* _EXERCISE INPUTS_
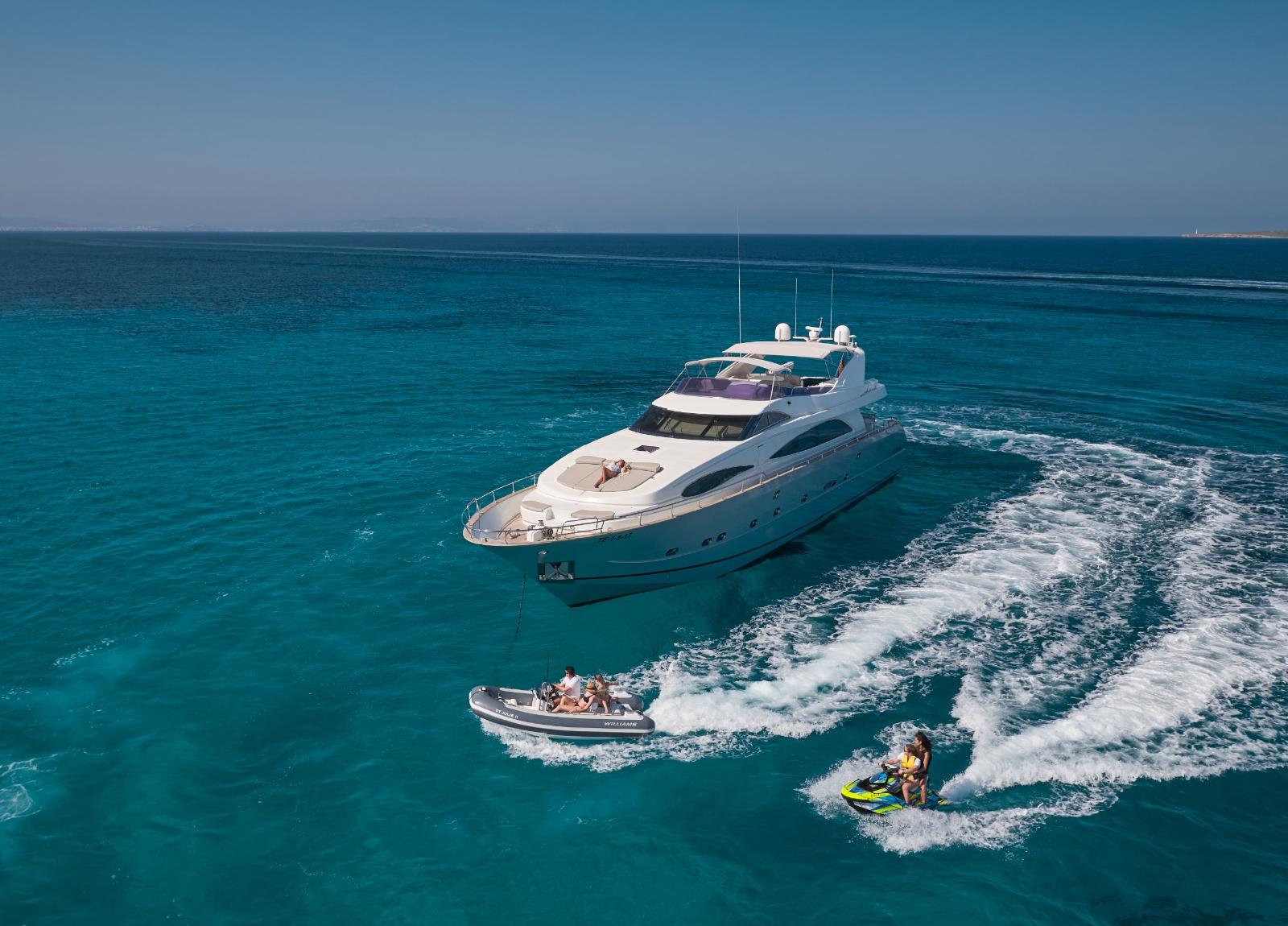 Neben Entspannung und Entschleunigung lädt die luxuriöse „Kiawah II“ ein, sich im Wassersport auszuprobieren und zum Beispiel auf dem Jetski oder mit dem Wakeboard Action und Spaß zu erleben und sportlich aktiv zu sein.
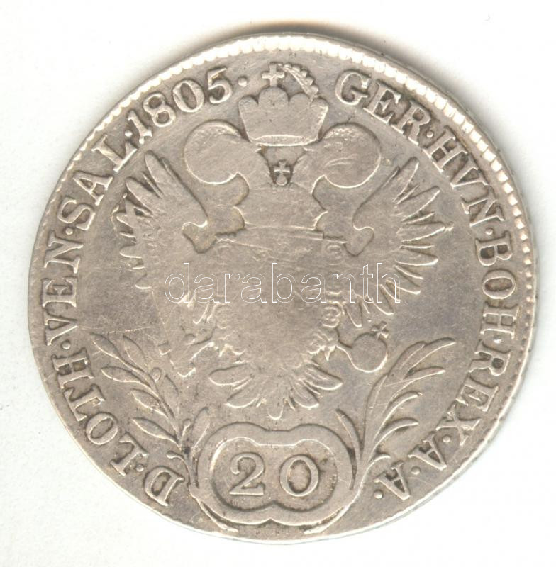 Ausztria/magyar verdejel 1805B 20Kr Ag II.Ferenc T:3 https://www.darabanth.com/de/169-Fernauktion/169.0/Numismatik/Auslandische-Munzen~4000133/Ausztriamagyar-verdejel-1805B-20Kr-Ag-IIFerenc-T3~II567705
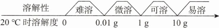 2. 根据固体物质在______℃时的溶解度大小,人们把物质在水中的溶解能力(又称______)分为四个等级,其中难溶物质习惯上叫作“不溶”物质,即“不溶”是相对的。
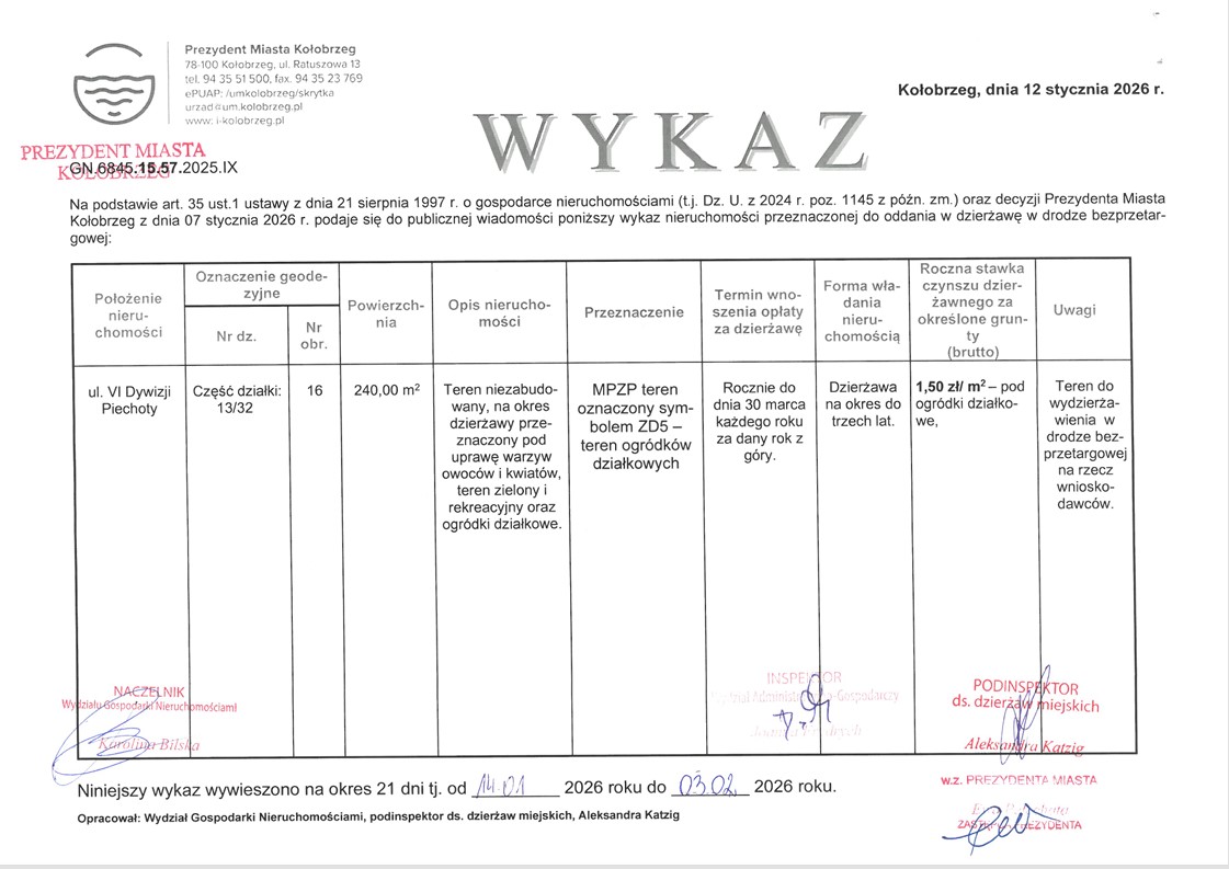 Prezydent Miasta Kołobrzeg informuję, że zgodnie z art. 35 ust. 1 ustawy
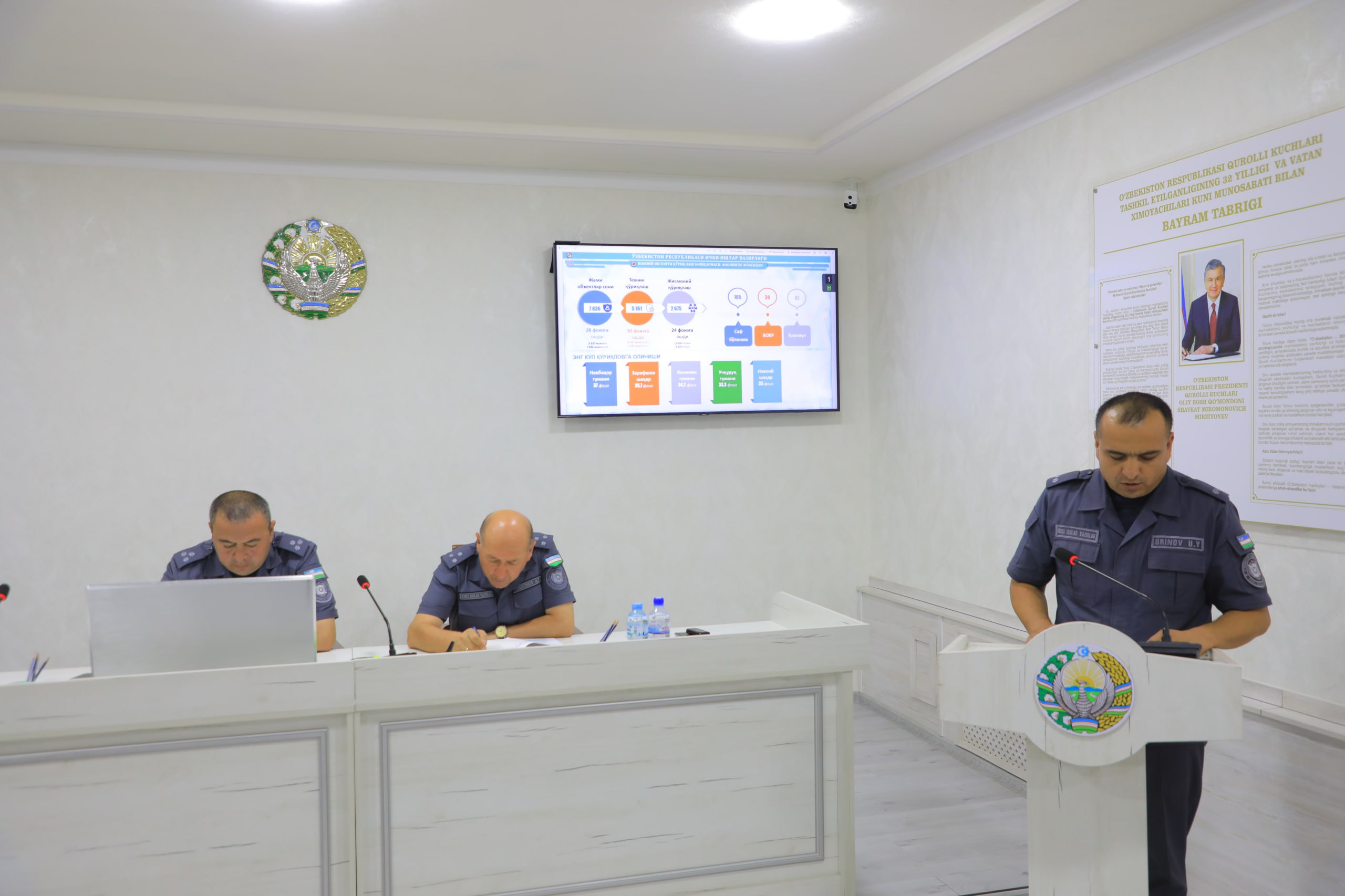 Шу муносабат билан, Навоий вилояти Қўриқлаш бошқармаси раҳбарияти иштирокида ўтган 6 ойлик иш натижалари юзасида ҳисобот йиғилиши ўтказилди. Йиғилишда хар бир шаҳар ва туман Қўриқлаш бўлимларининг мазкур давр мобайнида барча йўналишларда амалга оширган ишлари, йўл қўйилган камчиликлари, эришган ютуқлар хусусида батафсил тўхталиб ўтилди.
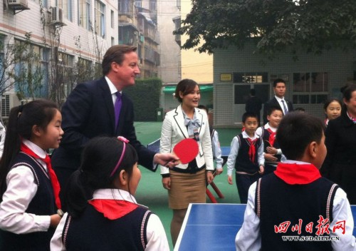 卡梅伦到成都龙江路小学分校参观并和小学生打乒乓球(四川日报网记者 刘淼淼/摄)

* _TASK BRIEF_
The records above are to be copied exactly, with no pictures carried over.

* _SOLUTION BELOW_
 Neben Entspannung und Entschleunigung lädt die luxuriöse „Kiawah II“ ein, sich im Wassersport auszuprobieren und zum Beispiel auf dem Jetski oder mit dem Wakeboard Action und Spaß zu erleben und sportlich aktiv zu sein.
 Ausztria/magyar verdejel 1805B 20Kr Ag II.Ferenc T:3 https://www.darabanth.com/de/169-Fernauktion/169.0/Numismatik/Auslandische-Munzen~4000133/Ausztriamagyar-verdejel-1805B-20Kr-Ag-IIFerenc-T3~II567705
 2. 根据固体物质在______℃时的溶解度大小,人们把物质在水中的溶解能力(又称______)分为四个等级,其中难溶物质习惯上叫作“不溶”物质,即“不溶”是相对的。
 Prezydent Miasta Kołobrzeg informuję, że zgodnie z art. 35 ust. 1 ustawy
 Шу муносабат билан, Навоий вилояти Қўриқлаш бошқармаси раҳбарияти иштирокида ўтган 6 ойлик иш натижалари юзасида ҳисобот йиғилиши ўтказилди. Йиғилишда хар бир шаҳар ва туман Қўриқлаш бўлимларининг мазкур давр мобайнида барча йўналишларда амалга оширган ишлари, йўл қўйилган камчиликлари, эришган ютуқлар хусусида батафсил тўхталиб ўтилди.
 卡梅伦到成都龙江路小学分校参观并和小学生打乒乓球(四川日报网记者 刘淼淼/摄)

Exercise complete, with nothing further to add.